B. Did not the lower court err in denying suppression of physical
evidence that was seized without a search warrant and in the
absence of probable cause and exigent circumstances?
C. Did not the lower court err in denying suppression of physical
evidence where the police unlawfully searched Appellant’s car?
D. Did not the lower court err in denying suppression of
Appellant’s statement where the Commonwealth failed to
prove that the statements were lawfully obtained?
Appellant’s Brief at 3.
Our review of a trial court’s order denying a pretrial motion to suppress
is guided by the following:
[O]ur standard of review . . . is limited to determining whether
the factual findings are supported by the record and whether the
legal conclusions drawn from those facts are correct.
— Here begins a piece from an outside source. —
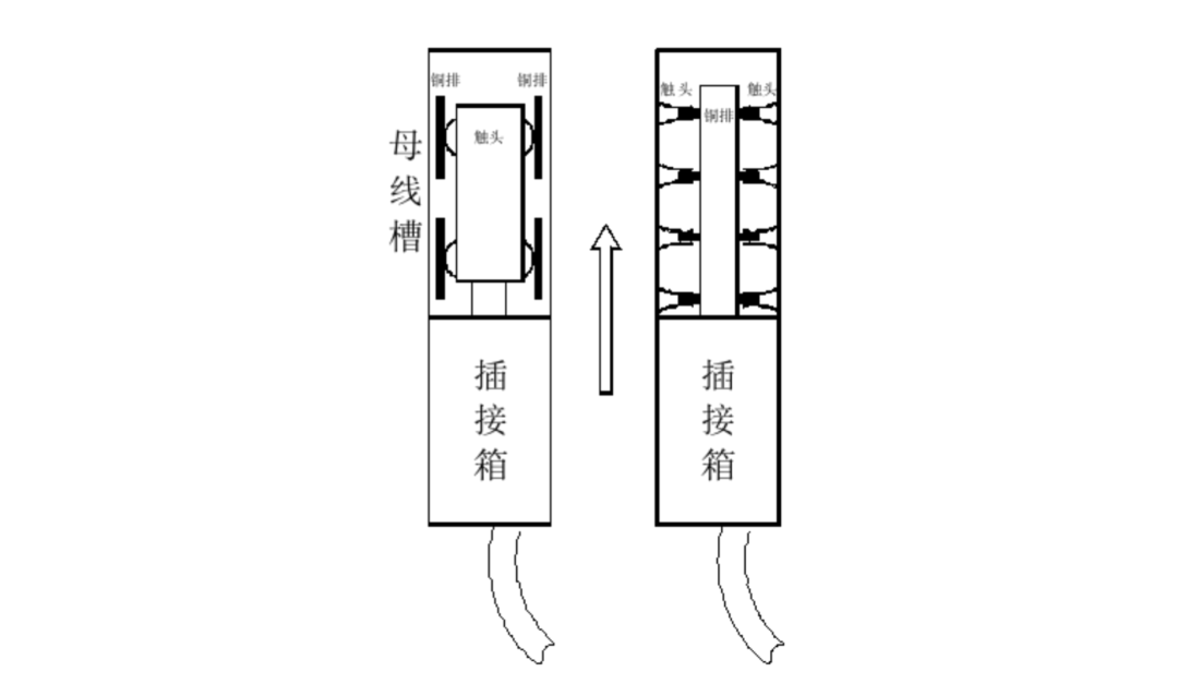 其插接箱从垂直方向安装,插接箱固定在母线槽底部。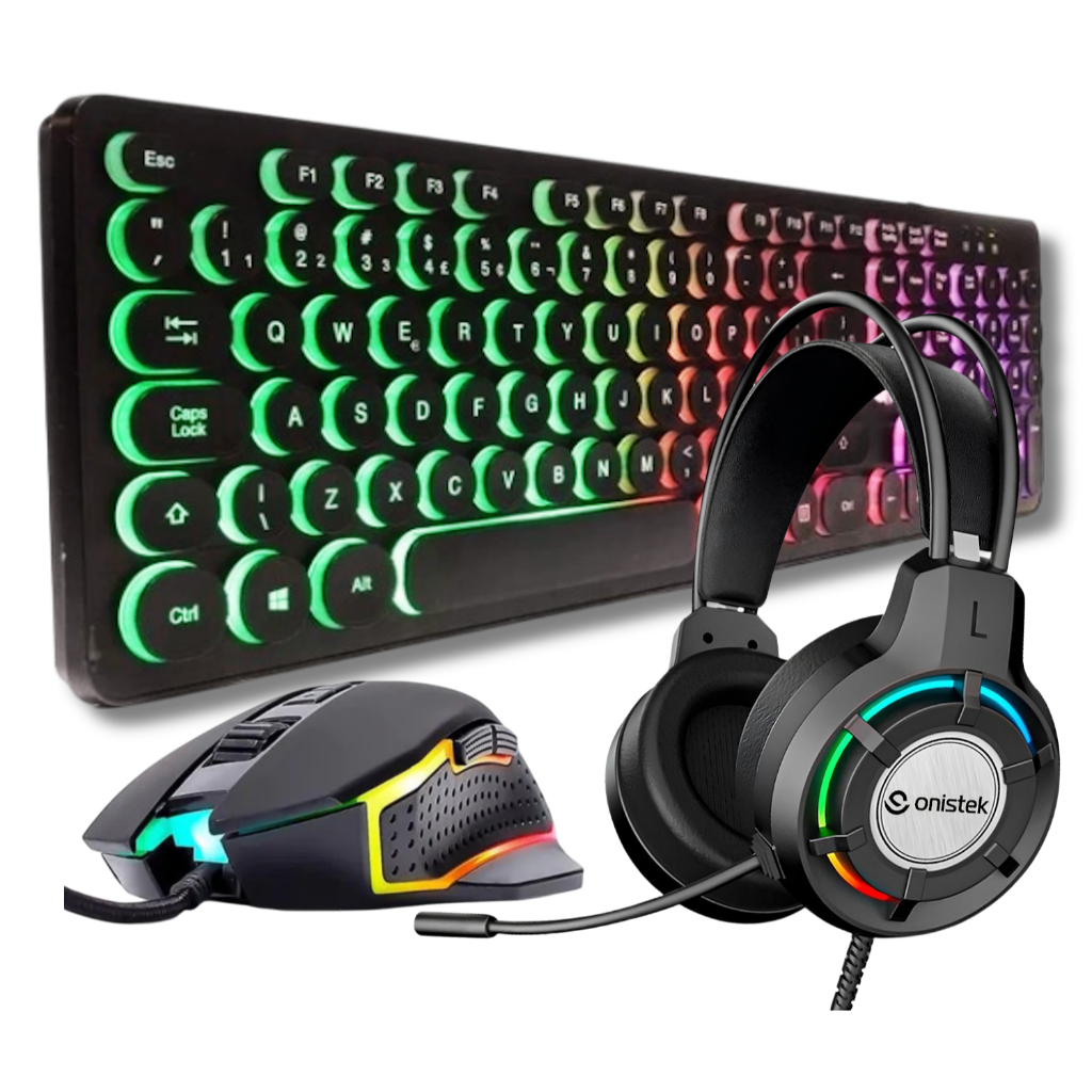 Kit Gamer Teclado Redondo Tipo Chocolate, Mouse 4800 Dpi e Headset Fone Microfone RGB Pc Notebook

We are
bound by the suppression court’s factual findings so long as they
are supported by the record; our standard of review on questions
of law is de novo. Where, as here, the defendant is appealing the
ruling of the suppression court, we may consider only the evidence
of the Commonwealth and so much of the evidence for the defense
as remains uncontradicted. Our scope of review of suppression
rulings includes only the suppression hearing record and excludes
evidence elicited at trial.
Commonwealth v. Yandamuri, 159 A.3d 503, 516 (Pa. 2017) (citations and
footnote omitted).
Because all of Appellant’s claims challenging the denial of his
suppression motion are interrelated, we will consider them together.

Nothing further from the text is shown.